Supported data file formats
Routine Load supports consuming CSV and JSON formatted data from a Pulsar cluster.
NOTE
As for data in CSV format, StarRocks supports UTF-8 encoded strings within 50 bytes as column separators. Commonly used column separators include comma (,), tab and pipe (|).
Pulsar-related concepts
Topics in Pulsar are named channels for transmitting messages from producers to consumers. Topics in Pulsar are divided into partitioned topics and non-partitioned topics.
- Partitioned topics are a special type of topic that are handled by multiple brokers, thus allowing for higher throughput. A partitioned topic is actually implemented as N internal topics, where N is the number of partitions.
- Non-partitioned topics are a normal type of topic that are served only by a single broker, which limits the maximum throughput of the topic.
The message ID of a message is assigned by BookKeeper instances as soon as the message is persistently stored. Message ID indicates a message' s specific position in a ledger and is unique within a Pulsar cluster.
Pulsar supports consumers specifying the initial position through consumer.seek(messageId). But compared to the Kafka consumer offset which is a long integer value, the message ID consists of four parts: ledgerId:entryID:partition-index:batch-index
.
Therefore, you can't get the Message ID directly from the message. As a result, at present, Routine Load does not support specifying initial position when loading data from Pulsar, but only supports consuming data from the beginning or end of a partition.
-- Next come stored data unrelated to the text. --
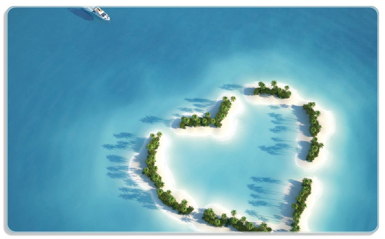 Eine kleine Insel in der Form eines Herzens umgeben von nichts außer aquamarinblauem Wasser. Bei purem Sonnenschein ist ein kleines Boot auf dem Weg zur Insel auf der sich grüne Palmen befinden und man entspannt am weißen Sandstrand spazieren kann.
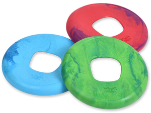 • Center grip hole is great for tug and helps dogs pick up the flyer while on the run
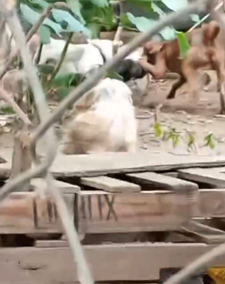 En el texto que acompaña las lamentables imágenes señala que lo grabaron personas que atravesaba por el lugar y señala que la dueña de la casa y los perros fue quien lanzó al gato para que lo acabarán.
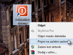 Kliknite na ikono sedaj z desnim miškinim gumbom in izberite Pripni na začetni zaslon.

A subscription is a named configuration rule that determines how messages are delivered to consumers. Pulsar also supports consumers simultaneously subscribing to multiple topics. A topic can have multiple subscriptions.
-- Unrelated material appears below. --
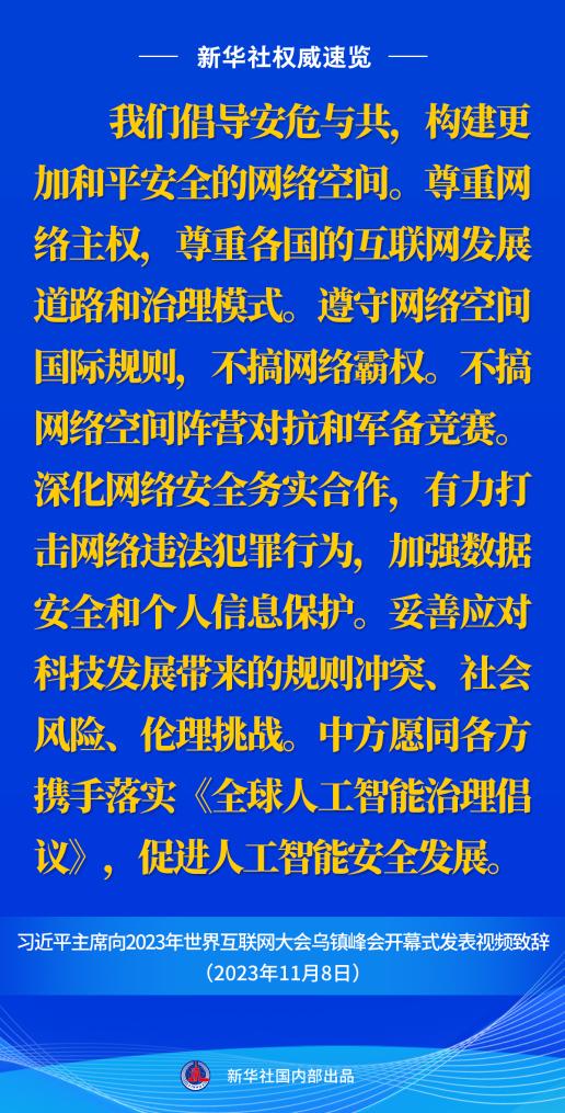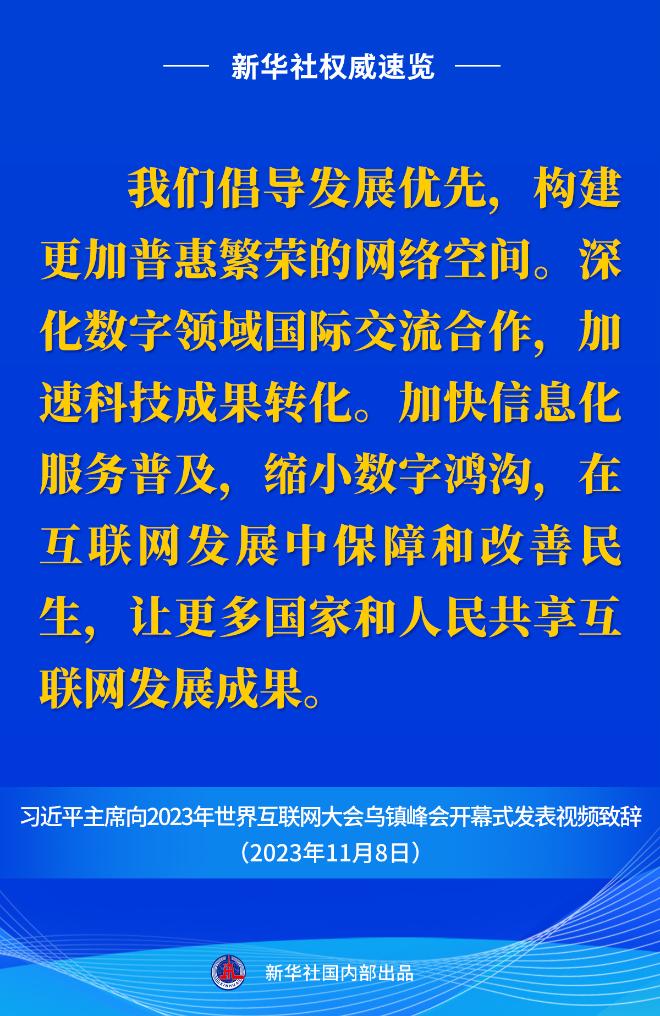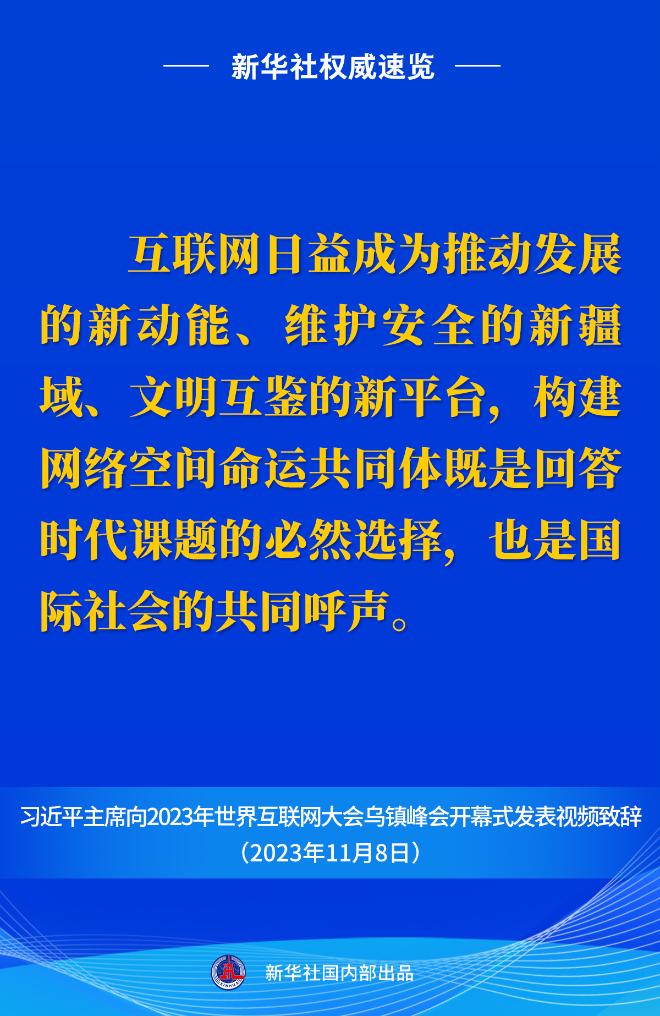 11月8日上午,國家主席習近平向2023年世界互聯(lián)網(wǎng)大會烏鎮(zhèn)峰會開幕式發(fā)表視頻致辭。一起來看金句。

The type of a subscription is defined when a consumer connects to it, and the type can be changed by restarting all consumers with a different configuration. Four subscription types are available in Pulsar:
exclusive
(default): Only a single consumer is allowed to attach to the subscription. Only one customer is allowed to consume messages.shared
: Multiple consumers can attach to the same subscription. Messages are delivered in a round robin distribution across consumers, and any given message is delivered to only one consumer.failover
: Multiple consumers can attach to the same subscription. A master consumer is picked for a non-partitioned topic or each partition of a partitioned topic and receives messages. When the master consumer disconnects, all (non-acknowledged and subsequent) messages are delivered to the next consumer in line.key_shared
: Multiple consumers can attach to the same subscription. Messages are delivered in a distribution across consumers and message with same key or same ordering key are delivered to only one consumer.
Note:
Currently Routine Load uses exclusive type.
Create a Routine Load job
The following examples describe how to consume CSV-formatted messages in Pulsar, and load the data into StarRocks by creating a Routine Load job. For detailed instruction and reference, see CREATE ROUTINE LOAD.
CREATE ROUTINE LOAD load_test.routine_wiki_edit_1 ON routine_wiki_edit
COLUMNS TERMINATED BY ",",
ROWS TERMINATED BY "\n",
COLUMNS (order_id, pay_dt, customer_name, nationality, temp_gender, price)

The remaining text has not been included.